# Carbide tip tool making question



## Mike Mills (Jan 10, 2013)

I just made a carbide tip tool. I used my radial arm saw with a metal blade to cut the recess, then smoothed with a file and diamond hone.
But I have a question. Why is the cutter recessed to start with? Only one edge is protected. Is it because that is the way the first one was made or maybe because it just looks pretty? I see no reason why the top of the bar can not be smoothed and the cutter mounted to the top.


----------



## RusDemka (Jan 10, 2013)

Mike Mills said:


> I just made a carbide tip tool. I used my radial arm saw with a metal blade to cut the recess, then smoothed with a file and diamond hone.
> But I have a question. Why is the cutter recessed to start with? Only one edge is protected. Is it because that is the way the first one was made or maybe because it just looks pretty? I see no reason why the top of the bar can not be smoothed and the cutter mounted to the top.



They do that to have a perfect seat for the cutter, I make my own carbide too tools for the ewt cutters. I use a mill to make a perfect seat and the tap for the screw is perfectly square to the seat, I have broken a cutter before from an uneven seat. 

I actually have 3 of the round cutter tools right now that I made for trades for pen blanks, cutter included...

I would love to see some photos...


----------



## Mike Mills (Jan 10, 2013)

I know it is there somewhere. I had just told Josh how my shop was all messed up working on a grinding station change and a new lathe wall cabinet. Hope to have it back to normal in a week.
Anyway, here is my attempt. After forming the left side I decided to thin the right side for making plunge cuts.
Ain't pretty but as soon as I can get to my lathe I will see if it cuts.
[attachment=16012][attachment=16013][attachment=16014]


----------



## RusDemka (Jan 10, 2013)

That's not bad.. let me know how it works, I have the full line of the carbide tools that I made myself, always a pleasure to use your own made tools. And the satisfaction of not spending a fortune lol


----------



## scrimman (Jan 11, 2013)

Which is the reason I'm watching this thread like a hawk.....I've been thinking about doing the exact same thing. 
Has anyone top mounted one of these cutters before?



RusDemka said:


> That's not bad.. let me know how it works, I have the full line of the carbide tools that I made myself, always a pleasure to use your own made tools. And the satisfaction of not spending a fortune lol


----------



## RusDemka (Jan 11, 2013)

scrimman said:


> Which is the reason I'm watching this thread like a hawk.....I've been thinking about doing the exact same thing.
> Has anyone top mounted one of these cutters before?

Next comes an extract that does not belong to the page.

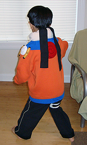 更に小物を作って取り付けて、何となくナルトに見える上着を作って着せました。

Yes I have, the cutter cracked in half while turning, but it could have been for other reasons, the cutters are pricy I didn't want to keep trying.. lol


----------



## Mike Mills (Jan 11, 2013)

scrimman said:


> Which is the reason I'm watching this thread like a hawk.....I've been thinking about doing the exact same thing.
> Has anyone top mounted one of these cutters before?



That was what I went around my elbow to try and ask.

I have a diamond plate about 2X5 so I don's see why the tip could not be pressed to the plate and honed for a completely flat surface. I thought the recess may be to keep a square cutter from turning but there is nothing to keep a round cutter from turning.
I agree the hole must be perpendicular.
I did chuck up a 1/2" HSS rod in my drill press and check it with my Wixley:
dead on L to R, and off .001 front to back. I also checked it with my dial and runout was .001 also.


----------



## RusDemka (Jan 11, 2013)

Mike Mills said:


> That was what I went around my elbow to try and ask.
> 
> I have a diamond plate about 2X5 so I don's see why the tip could not be pressed to the plate and honed for a completely flat surface. I thought the recess may be to keep a square cutter from turning but there is nothing to keep a round cutter from turning.
> I agree the hole must be perpendicular.
> ...



The round one is recessed on the ewt tools because they want all the cutters to be at the same level so you don't have to readjustment the rest, so the recess is there to create a flat surface, to keep the square cutters from turning. That's how I see it...


----------



## woodtickgreg (Jan 27, 2013)

Mike Mills said:


> I know it is there somewhere. I had just told Josh how my shop was all messed up working on a grinding station change and a new lathe wall cabinet. Hope to have it back to normal in a week.
> Anyway, here is my attempt. After forming the left side I decided to thin the right side for making plunge cuts.
> Ain't pretty but as soon as I can get to my lathe I will see if it cuts.


Just be sure to grind that screw off on the bottom. Other than that, nice looking tool.


----------



## Mike Mills (Jan 27, 2013)

woodtickgreg said:


> Just be sure to grind that screw off on the bottom. Other than that, nice looking tool.



Yep, I have some 10mm but this was a 15mm screw (length). I have only tried it once. I found I needed to be ¾” or so over the rest because of the screw. It worked fine I guess. :i_dunno:
I say it worked fine. but my trial analysis may compare to a very nice trip in a Pinto if you have never ridden in any automobile before.


----------